*WORK TO BE COMPLETED*. Print exactly the lines below between the line containing "- You will see" and the line containing "MATERIALE: oro giallo", counting both of those lines. Leave pictures out.

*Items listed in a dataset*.
/---
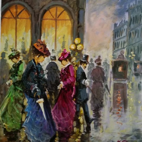Fire gamle Paris-attrap-tryk i en mørk træramme med en tynd gylden indvendig kant, med titlen Parigi, måler 30 x 23,5 cm og vejer 400 g, unsigned og af ukendt kunstner i originaludgave, dateret 1940-1950, i Art Nouveau-stil, teknik AI. Klik på den blå "gå til varen" knap, for at købe eller byde på denne vare. Den samlede pris vil blive vist inden du afgiver dit bud.
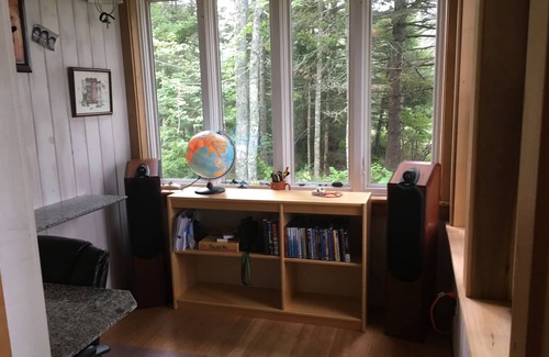 One bedroom with queen size bed. There is also a newly built bunkhouse that sleeps 2 in a very comfortable pull out couch. Small music room with wonderful piano and upright bass. Two paddleboards and a canoe on sight to explore the cove and greater pond. Spectacular sunsets from the couch. Abundant wildlife: deer, turkeys, ducks, eagles, osprey, songbirds, and fox. No television to interrupt the atmosphere. There is reasonably fast wifi.
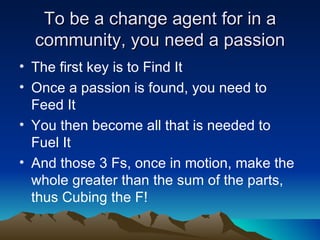 1) The document discusses how to become an agent for change in your community by following three steps: Find a passion, Feed your passion by learning more about it, and Fuel your passion by taking action as an advocate or champion.
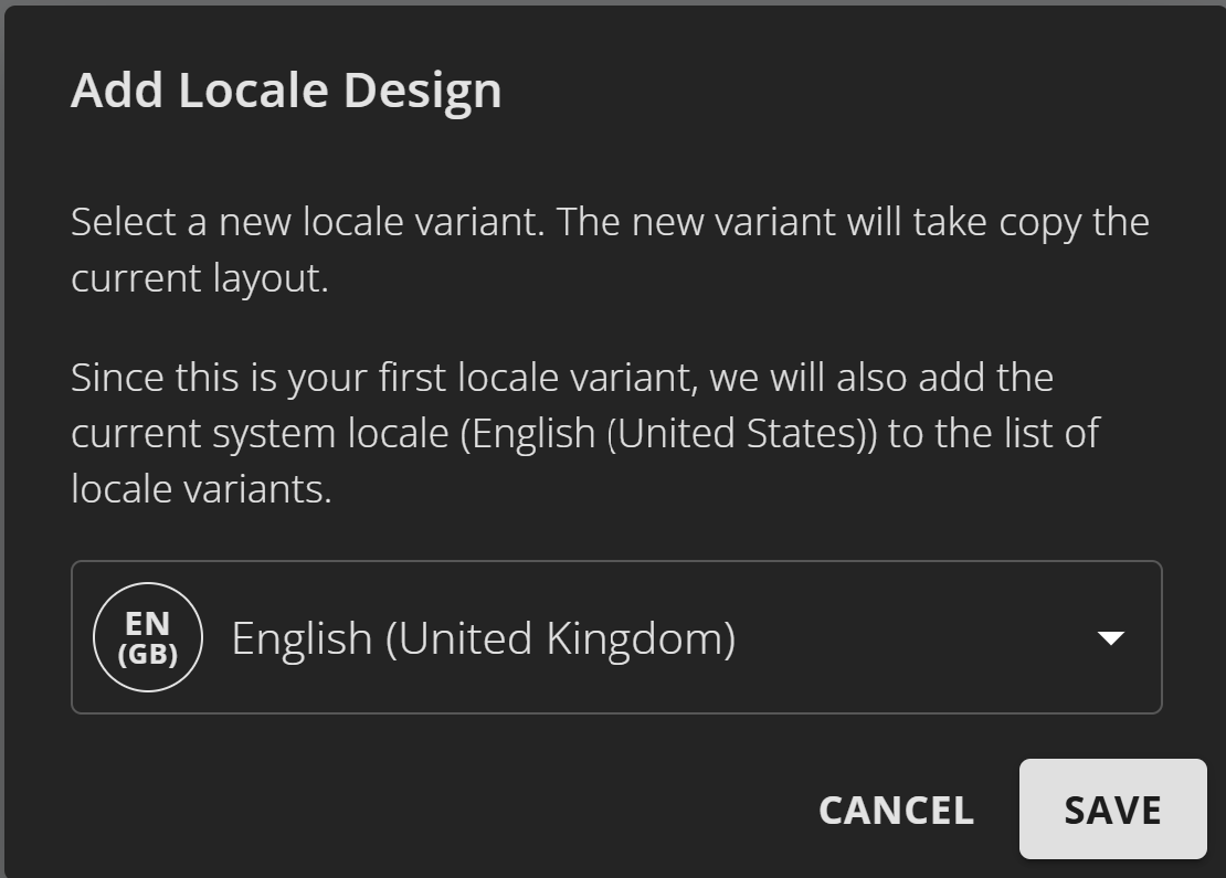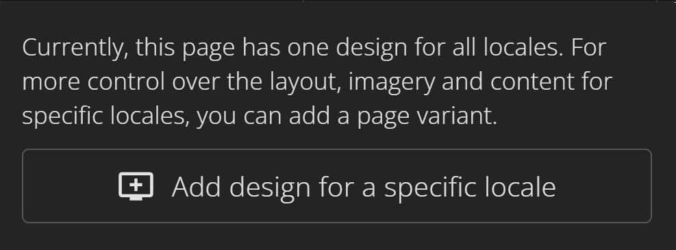 - You will see a popup that says this page has one design for all locales and you can add design for a specific locale.
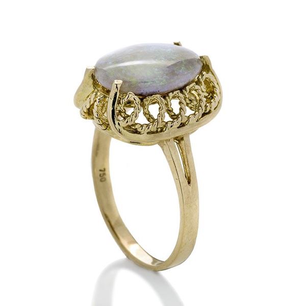 MATERIALE: oro giallo e opale bianco arlecchino DESCRIZIONE: anello realizzato con opale bianco arlecchino taglio cabochon su alta base impreziosita da motivo a cordonetto disposto ad imitazione del nastro, reca il marchio 750 MISURE: anello 16 PESO: gr 6.3
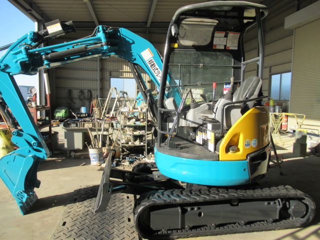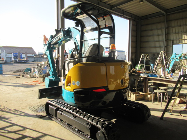 (分解・整備・点検報告)バケット、アーム、ブーム取付け周りピン、ブッシュ、シム調整整備、走行モーター減速機ギアオイル交換、エンジンオイル交換、オイルフィルター交換、燃料フィルター交換、エアークリーナー交換、ベルト類確認、冷却水確認、エンジン音・匂い・かかり具合良好、旋回モーター横ガタ・縦ガタ確認、各シリンダー確認、その他オイル漏れ・燃料漏れ確認、作動油フィルター良好、グロー(余熱)確認済、4WAYマルチレバー作動確認、バッテリー電圧、チャージ確認、セルモーター回転速度確認、モニター・ライト・ホーン等電気系確認、クレーン作動確認、干渉防止確認、オートアイドリング確認、上部ローラー・下部ローラー・フロントアイドラー、ゴム履帯回り良好、油圧ポンプ音・作業機スピード基準値合格、オーバーヒート負荷検査合格、総合検査合格
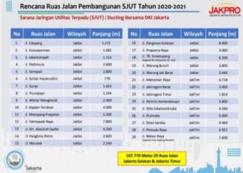 Pelaksanaan pembangunan sarana jaringan utilitas terpadu (SJUT) di Jakarta Selatan dan Jakarta Timur dalam rangka peningkatan kualitas pedestrian di Jakarta...
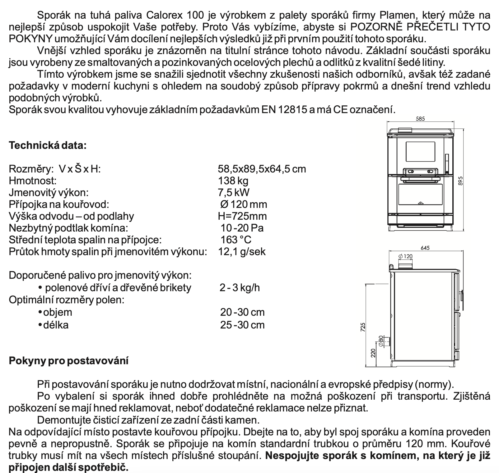 PLAMEN CALOREX 100 sporák na tuhá paliva 7,5kW, s troubou, bílá/černá
\---
*ANSWER BOX*.
 - You will see a popup that says this page has one design for all locales and you can add design for a specific locale.
 MATERIALE: oro giallo e opale bianco arlecchino DESCRIZIONE: anello realizzato con opale bianco arlecchino taglio cabochon su alta base impreziosita da motivo a cordonetto disposto ad imitazione del nastro, reca il marchio 750 MISURE: anello 16 PESO: gr 6.3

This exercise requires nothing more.